Excluding pictures, what does the listing below contain from the line with "Inden døre er" up to and including the line with "圖5 南京棲霞區(qū)商事", word for word?

**Exercise data**
:::::

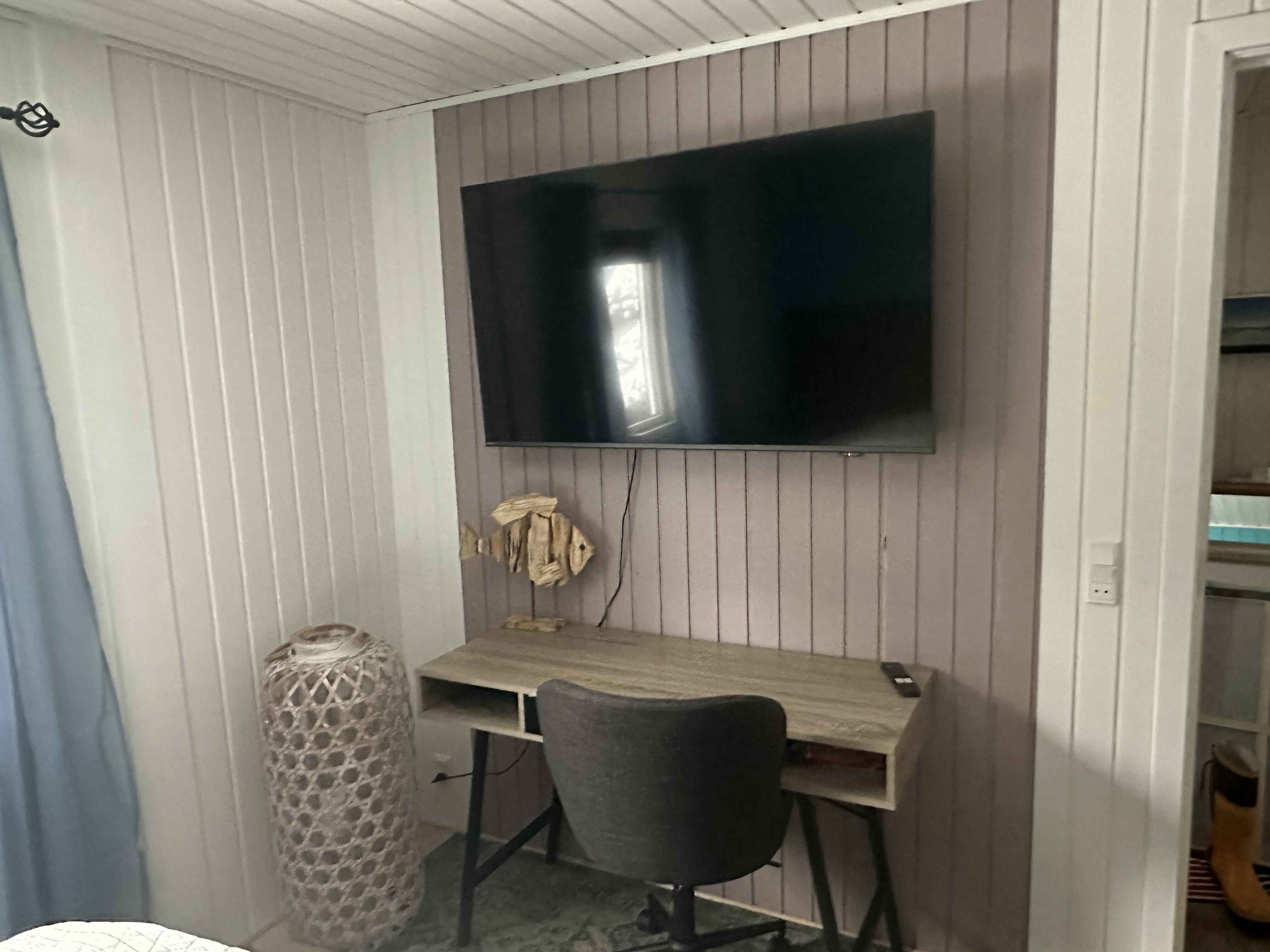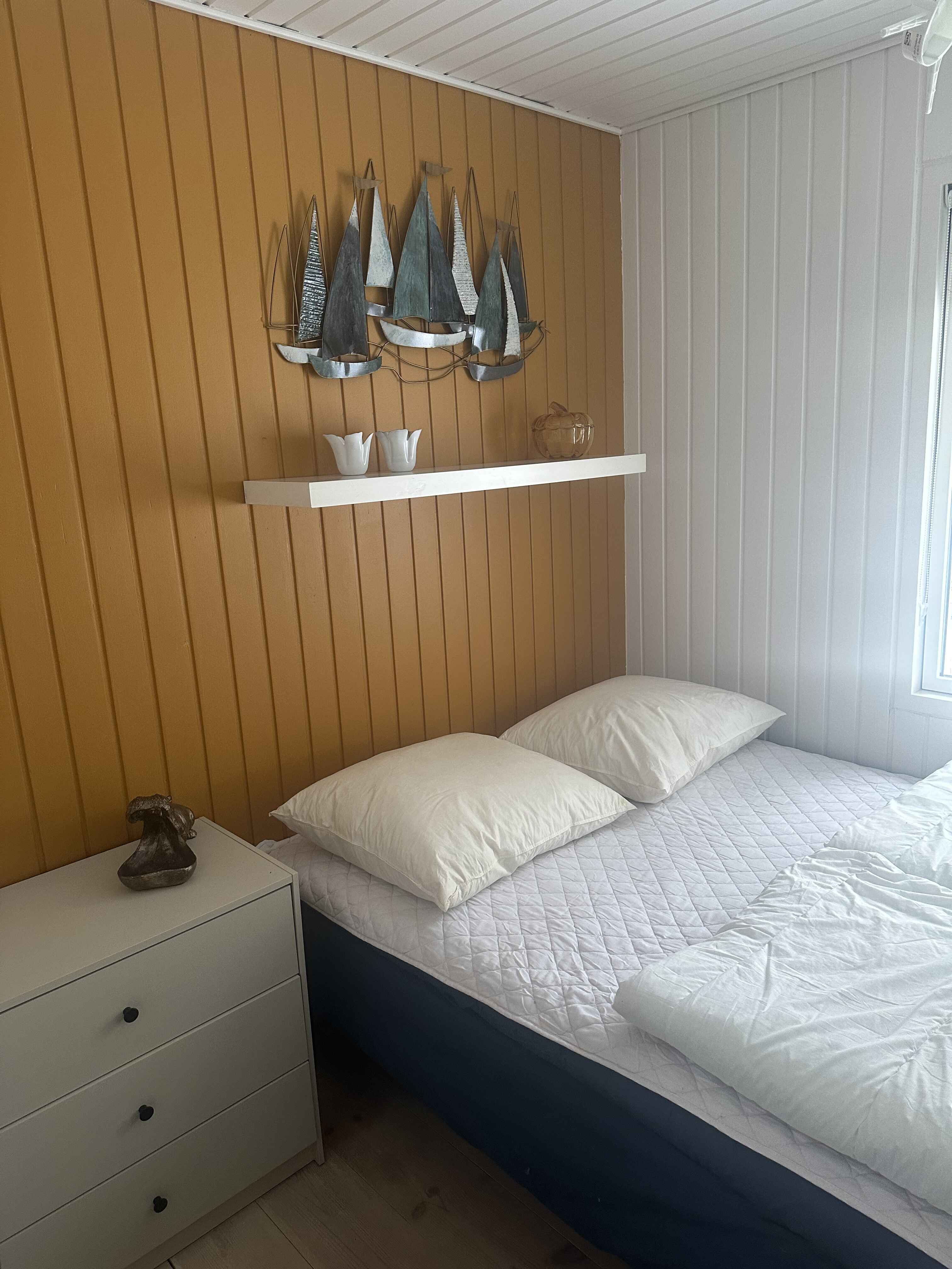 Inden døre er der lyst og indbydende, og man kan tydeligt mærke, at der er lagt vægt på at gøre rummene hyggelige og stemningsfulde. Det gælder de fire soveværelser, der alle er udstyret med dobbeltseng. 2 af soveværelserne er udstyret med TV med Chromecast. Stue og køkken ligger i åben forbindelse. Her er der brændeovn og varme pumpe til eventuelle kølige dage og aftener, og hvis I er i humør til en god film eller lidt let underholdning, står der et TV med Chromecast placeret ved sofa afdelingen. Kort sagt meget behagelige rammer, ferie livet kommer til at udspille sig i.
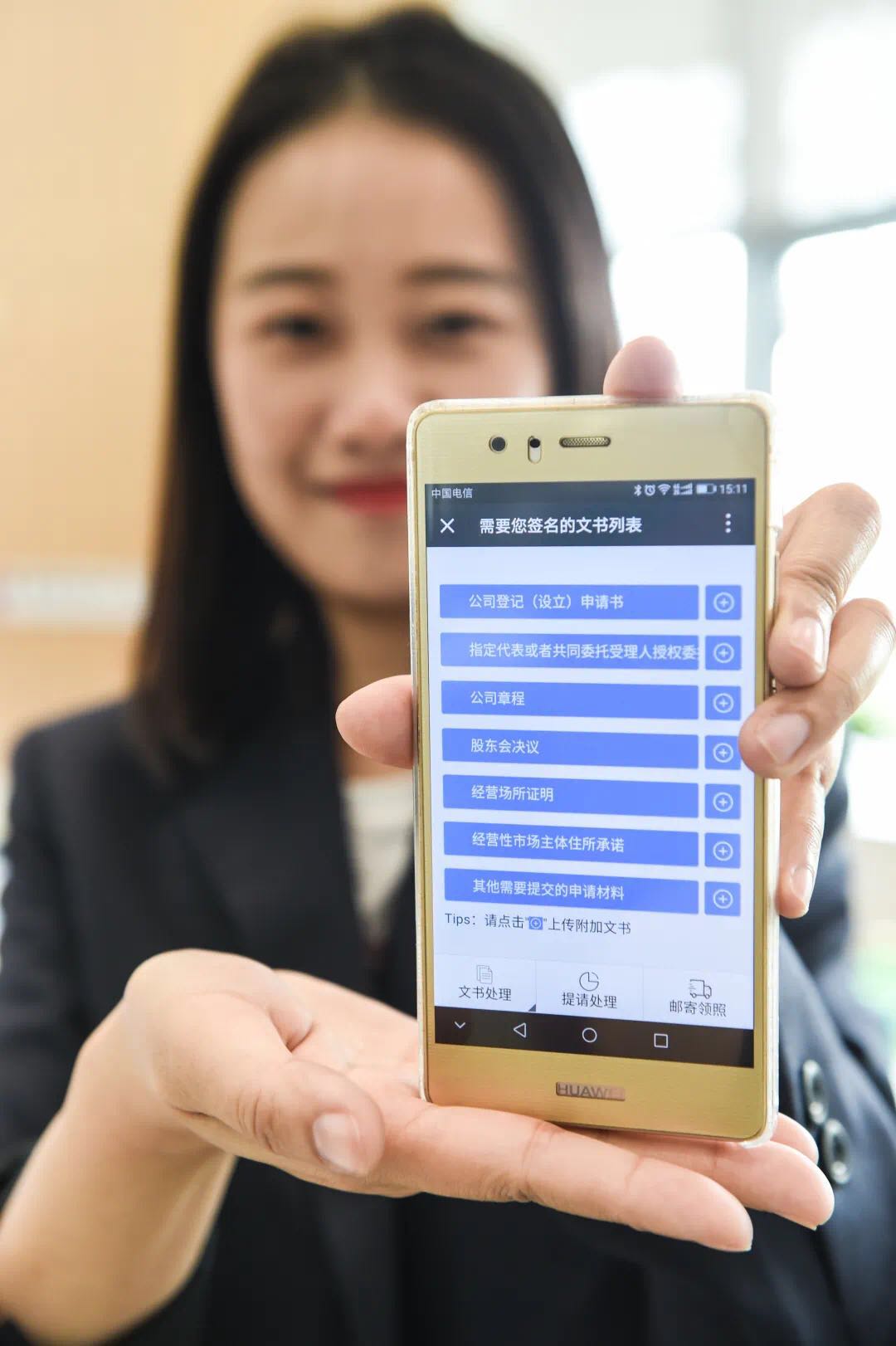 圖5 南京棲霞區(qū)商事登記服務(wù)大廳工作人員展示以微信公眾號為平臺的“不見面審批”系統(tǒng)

:::::

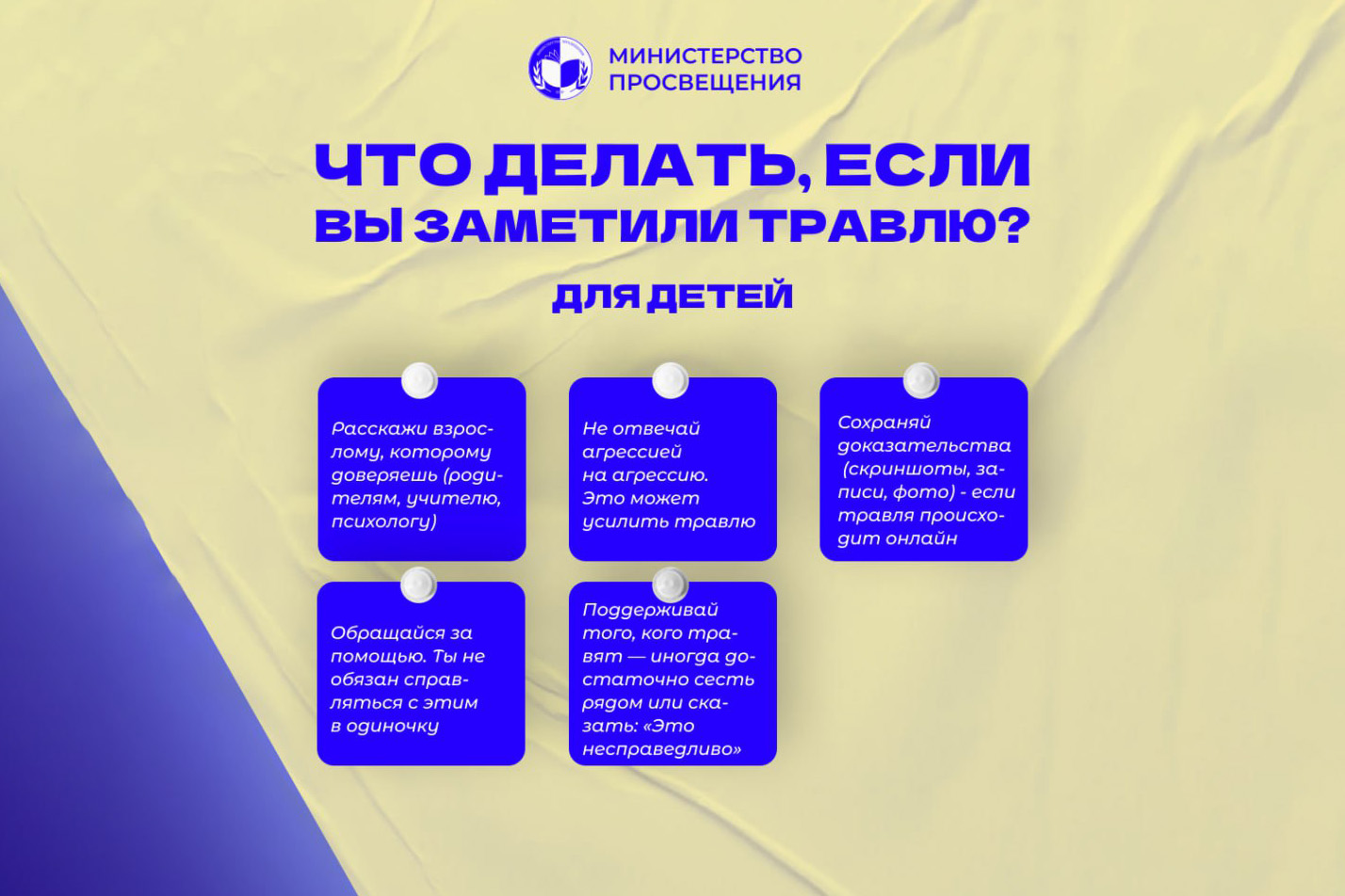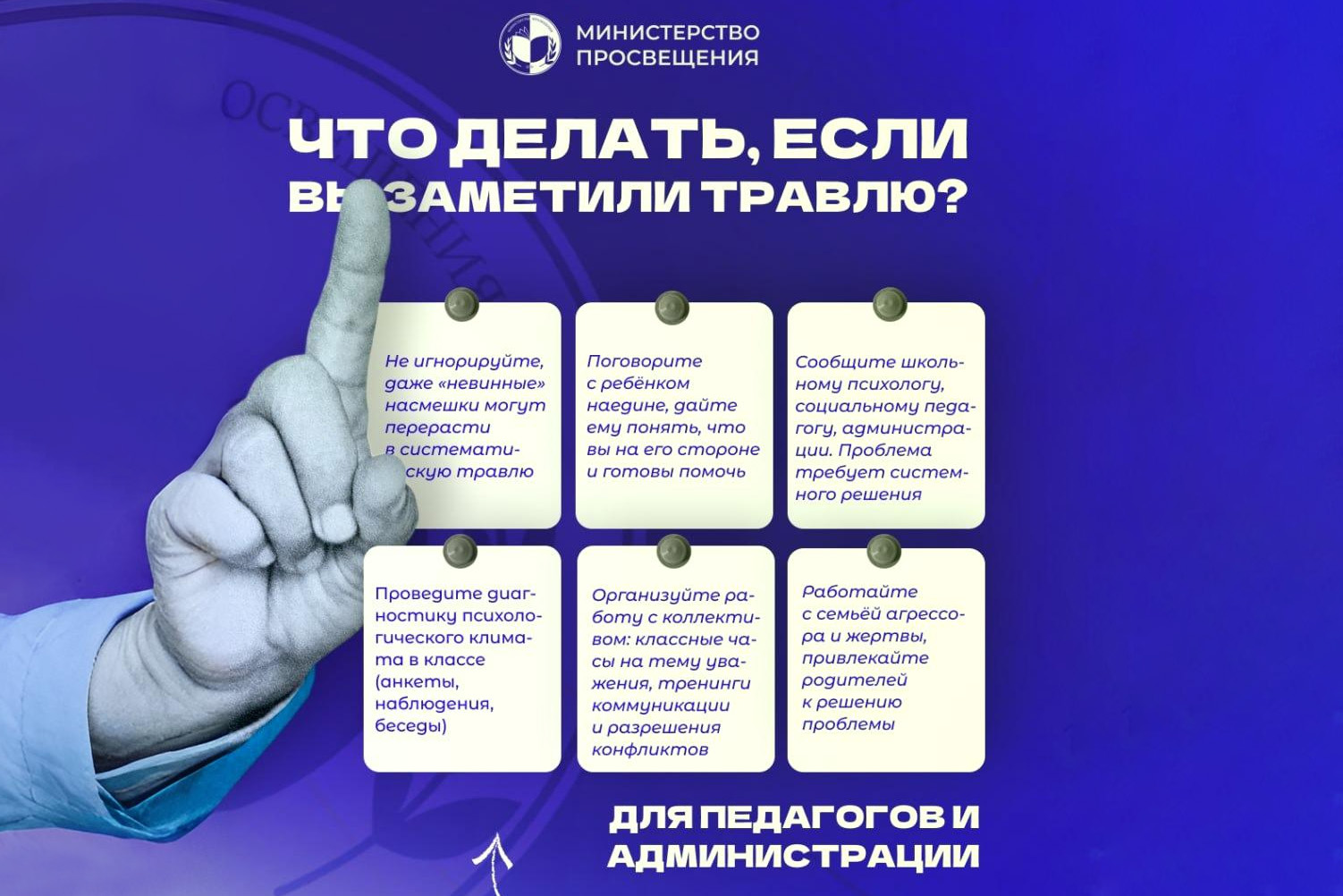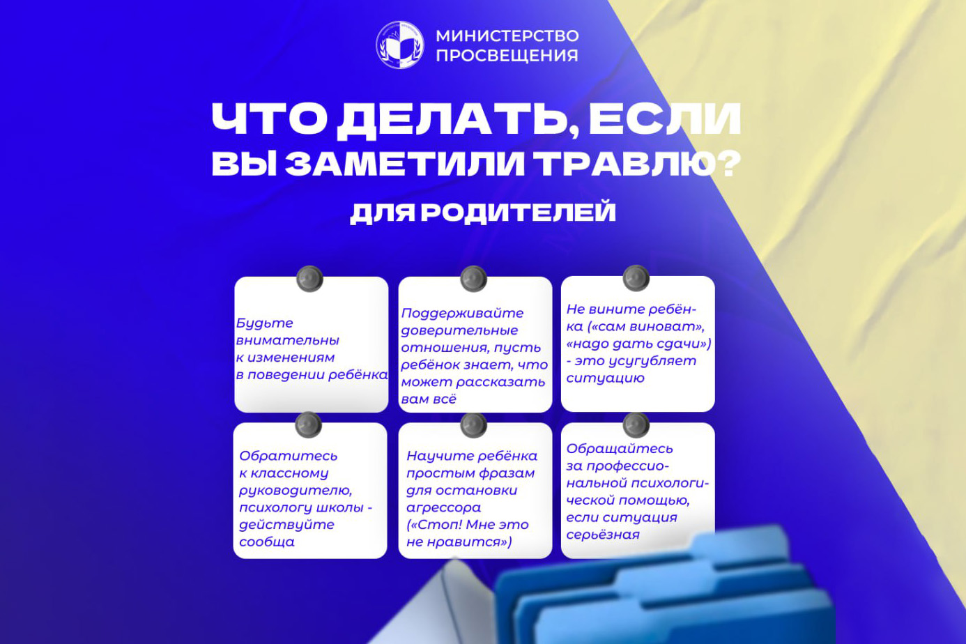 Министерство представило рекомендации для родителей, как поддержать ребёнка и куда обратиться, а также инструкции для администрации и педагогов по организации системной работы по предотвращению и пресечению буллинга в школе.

:::::

**Reply to the task**
 Inden døre er der lyst og indbydende, og man kan tydeligt mærke, at der er lagt vægt på at gøre rummene hyggelige og stemningsfulde. Det gælder de fire soveværelser, der alle er udstyret med dobbeltseng. 2 af soveværelserne er udstyret med TV med Chromecast. Stue og køkken ligger i åben forbindelse. Her er der brændeovn og varme pumpe til eventuelle kølige dage og aftener, og hvis I er i humør til en god film eller lidt let underholdning, står der et TV med Chromecast placeret ved sofa afdelingen. Kort sagt meget behagelige rammer, ferie livet kommer til at udspille sig i.
 圖5 南京棲霞區(qū)商事登記服務(wù)大廳工作人員展示以微信公眾號為平臺的“不見面審批”系統(tǒng)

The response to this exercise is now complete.